The burden becomes even heavier for students who must travel long distances to examination centres located in different cities. For financially struggling families, repeated travel expenses can become overwhelming. Booking transport on short notice, arranging accommodation, managing meals, and dealing with delays create additional stress for both students and guardians.
For female students, these difficulties can become even more complicated. Many families remain uncomfortable sending daughters alone to unfamiliar cities. As a result, parents or guardians often accompany them, effectively doubling travel and accommodation costs. In some cases, students may even forgo examinations altogether if a guardian cannot take leave from work or afford the additional expense. Distance and safety concerns therefore continue to indirectly shape unequal access to higher education opportunities.

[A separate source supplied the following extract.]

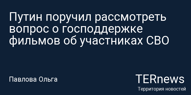 Президент России Владимир Путин предложил изучить возможность оказания государственной поддержки кинопроектам, посвящённым участникам специальной военной операции. Соответствующий перечень поручений был обнародован на официальном сайте Кремля в рамках итогов программы «Итоги года».
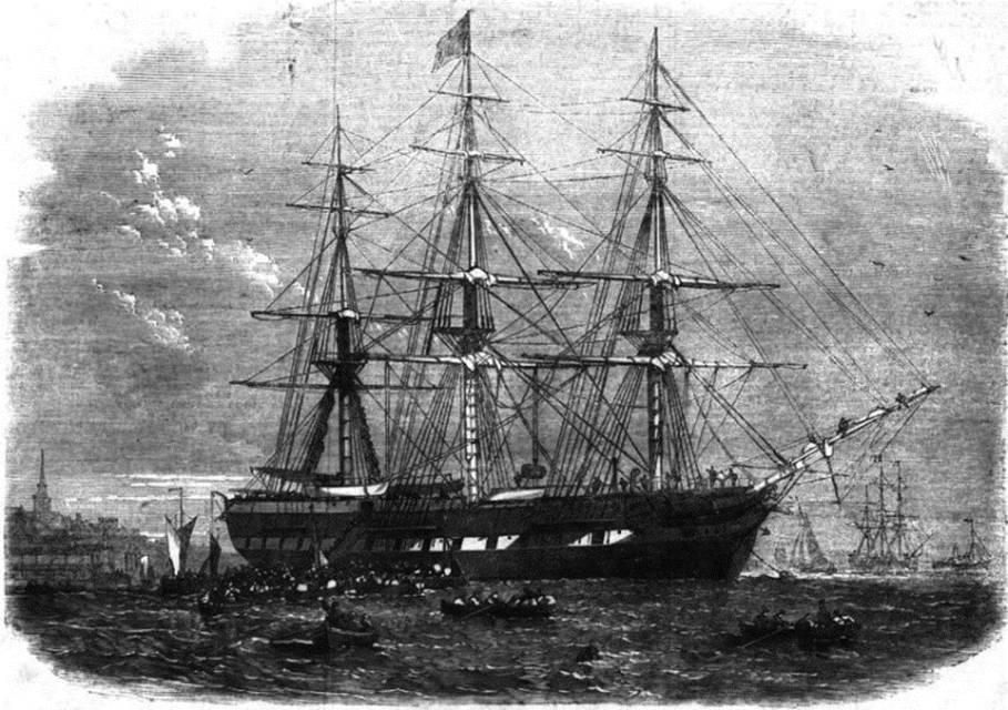 [1] Парусный транспортный корабль «Gertrude». Рисунок из газеты «The Illustrated London News» за 1862 г. В годы Крымской войны парусник был зафрактован британским правительством и использовался для военных перевозок как транспорт №54. На его борту в Крым были доставлены 12 фунтовые осадные пушки.

Although some reforms now allow students to sit for admission tests at centres closer to their home districts for certain public universities, many institutions still conduct examinations centrally. Students continue to apply separately to multiple universities, pay separate fees, and sit for separate exams. The physical, financial, and psychological burden falls almost entirely on them.
The system also rarely acknowledges structural inefficiencies in seat distribution. Many talented students secure positions in several universities but ultimately enrol in only one institution. Since universities publish results and set admission deadlines independently, students often complete admission procedures at one university simply to secure a seat while continuing to wait for results elsewhere. Yet each institution collects admission fees regardless of whether the student eventually remains there.
When students later withdraw, the seats they vacate are not always filled efficiently. Consequently, even highly competitive subjects may end the admission cycle with vacant seats despite intense nationwide competition. Thousands of students struggle for limited opportunities while some university capacity remains underutilised. This reflects not merely administrative weakness, but a broader lack of coordination across the higher education system.
Students from financially secure backgrounds usually have alternatives. Some pursue higher education abroad, while others enrol in private universities without enduring the same level of competition and uncertainty. For students from financially constrained families, however, the options are far narrower. Many academically capable and hardworking students fail to secure either a university seat or their preferred subject. The fear of becoming a financial burden weighs heavily on them throughout the process. Admission tests gradually become less about education and more about proving personal worth.
Competition is unavoidable in any system where opportunities remain limited. The real question, however, is whether the admission structure itself operates fairly and efficiently. A more unified national admission framework could reduce repeated examinations, lower financial pressure, and shorten the lengthy timeline students currently endure. The system used for medical college admissions — where seats across public and private institutions are distributed centrally according to merit — offers one possible model from which universities could learn.
Students are not demanding an easier system. They are asking for one that is fairer, more coordinated, and less exhausting. Higher education is meant to empower young people and expand their futures. The path towards it should not leave them mentally, financially, and emotionally drained before university life even begins.
Jannatul Ferdous Sohana is a university admission candidate. Jannate Romman is an 11th grade student at Rangpur Government College.